Consumer Education Pamphlets
The State Bar of California has published the following pamphlets which you may find helpful when you begin planning your estate:
Frequently Asked Questions
- What is the Difference Between a Revocable Living Trust and a Will? A properly funded revocable living trust will help you avoid or eliminate the need for slow, costly, public court proceedings in the event of incapacity and following death. In contrast, a will generally guarantees probate. If you own real estate in multiple states, probate will be required in each state. In addition, because a will takes effect only at death, its maker must rely on a power of attorney or conservatorship proceeding to manage his or her assets during any periods of incapacity. Trusts cost more than wills to create, fund, and manage. However, the upfront expense and effort can result in substantial savings when it comes time to administer the estate.

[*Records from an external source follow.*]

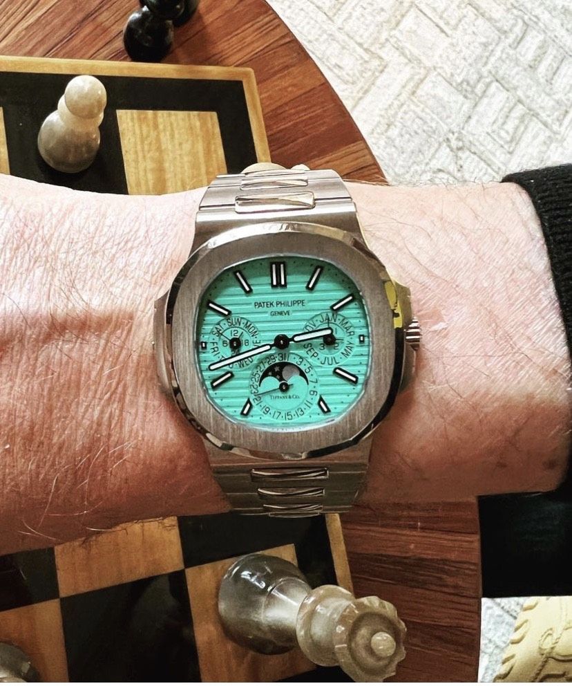 仔细观察会发现,这枚腕表是蒂芙尼与百达翡丽的合作表款,而整个外观设计正是借鉴了百达翡丽鹦鹉螺系列万年历(Nautilus Perpetual)不锈钢表款的设计,同时使用了蒂芙尼经典的“罗宾鸟蛋蓝”来装饰表盘。据说这枚腕表是蒂芙尼与百达翡丽为这位全球顶级富豪特别定制的,仅此一枚。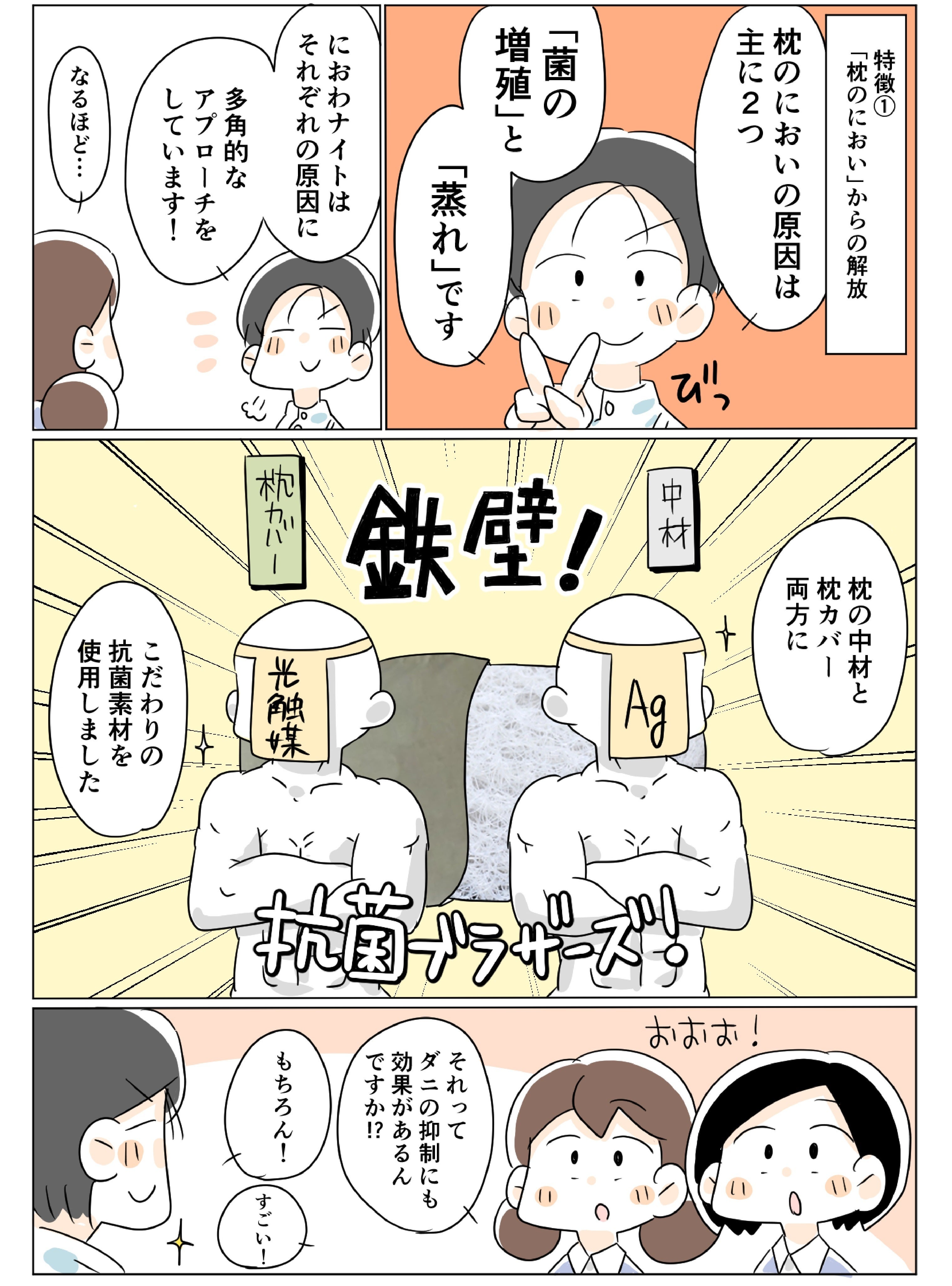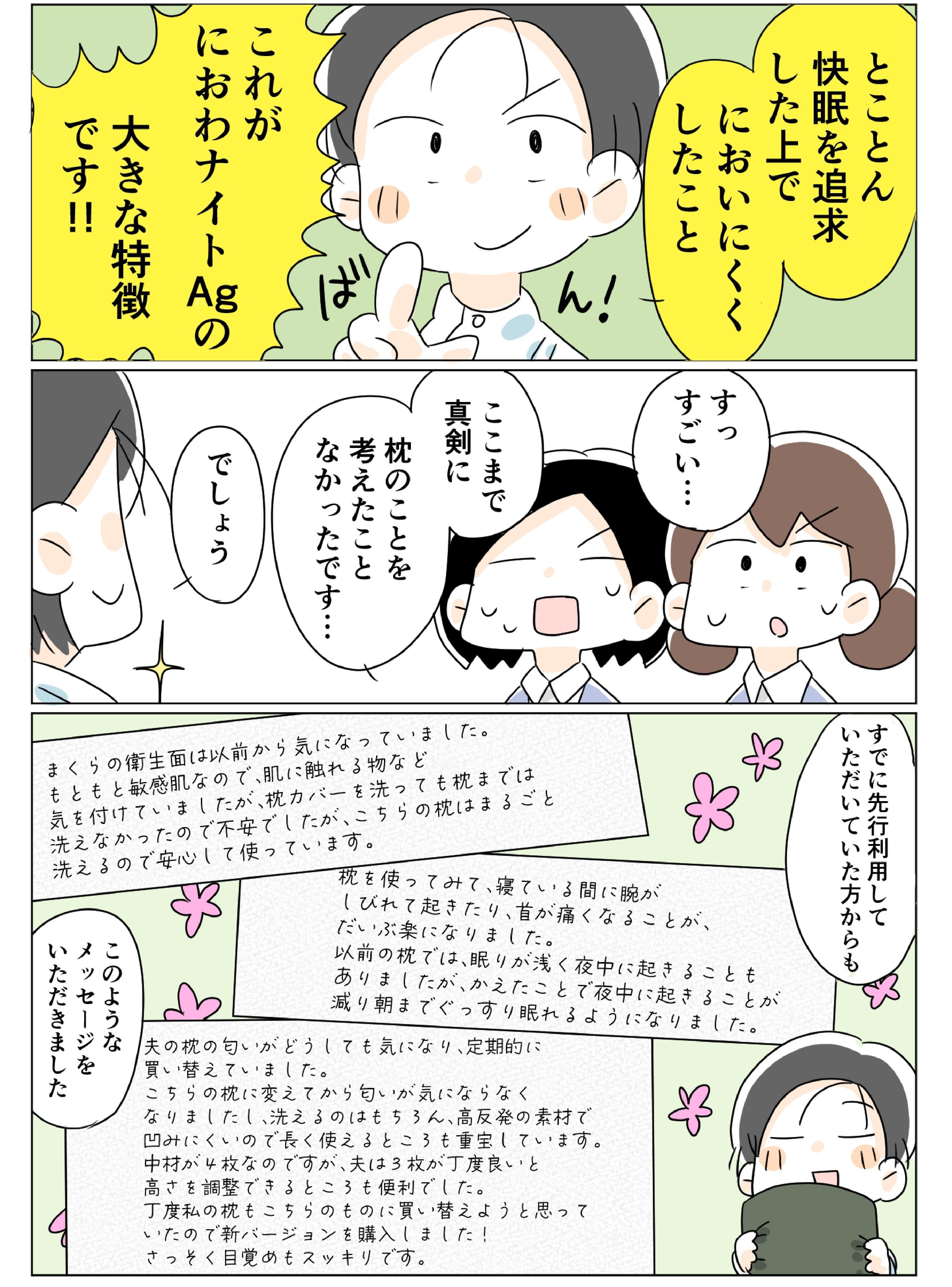 Q1. 洗える抗菌快眠枕「にわおナイトAg」の特徴を教えてください。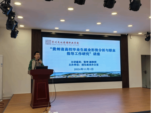 为深入贯彻落实党中央、国务院关于稳就业保就业的决策部署,进一步提升我院学生就业竞争力,更好地开展2025届毕业生就业创业工作,帮助学生更好地了解当前就业形势,明确职业规划,培养学生正确的就业观,11月1日,我院招生就业办公室在学院体育馆VR实训室举行就业指导专题培训。此次培训特邀请贵州省就业指导专家、贵州师范学院张坤副教授为师生做专项指导培训,学院党委委员、副院长李倩出席活动并致欢迎词,四系党支部辅导员和百余学生参加了此次活动。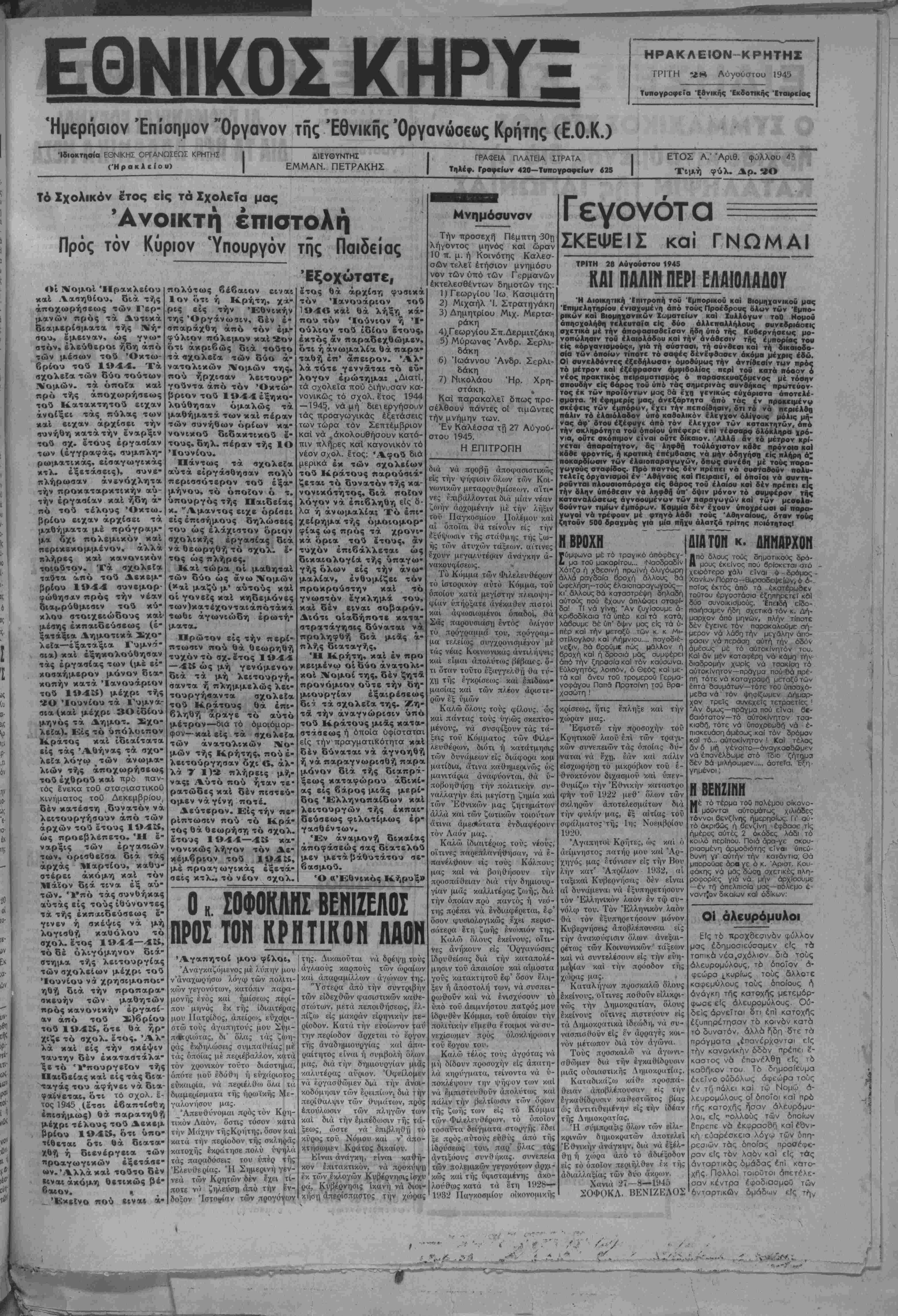 Έμερήσιον Επίσημον "Οργανον της Έθνικης Όργανώσεως Κρήτης (Ε.Ο.Κ.)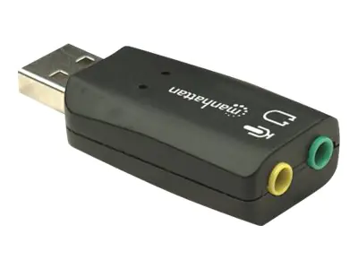 Manhattan USB-A Sound Adapter, USB-A to 3.5mm Mic-in and Audio-Out ports, 480 Mbps (USB 2.0), supports 3D and virtual 5.1 surround sound, Hi-Speed USB, Black, Three Year Warranty, Blister - Soundkarte - Stereo - USB 2.0
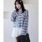 カーディガン 「チョーカー付き」2way透かし編みボーダーカーディガン レディース

- If I Have a Revocable Living Trust, Do I Need a Will? Yes, you need a “Pour-Over Will.” When you create a revocable living trust, you must fund it. Funding occurs when assets are transferred into the trust. Sometimes, either intentionally or inadvertently, assets are not transferred into the trust. In addition, you’ll likely acquire new assets, which you may choose to leave outside the trust for convenience reasons or forget to title in the trust’s name. Your “Pour-Over Will” directs that any assets held in your individual name, without a beneficiary designation, pass to your trust at your death. Depending on the quality and quantity of your non-trust assets, they may or may not be subject to probate. As a separate concern, if you have minor children, the will is the document where you’ll name their guardian.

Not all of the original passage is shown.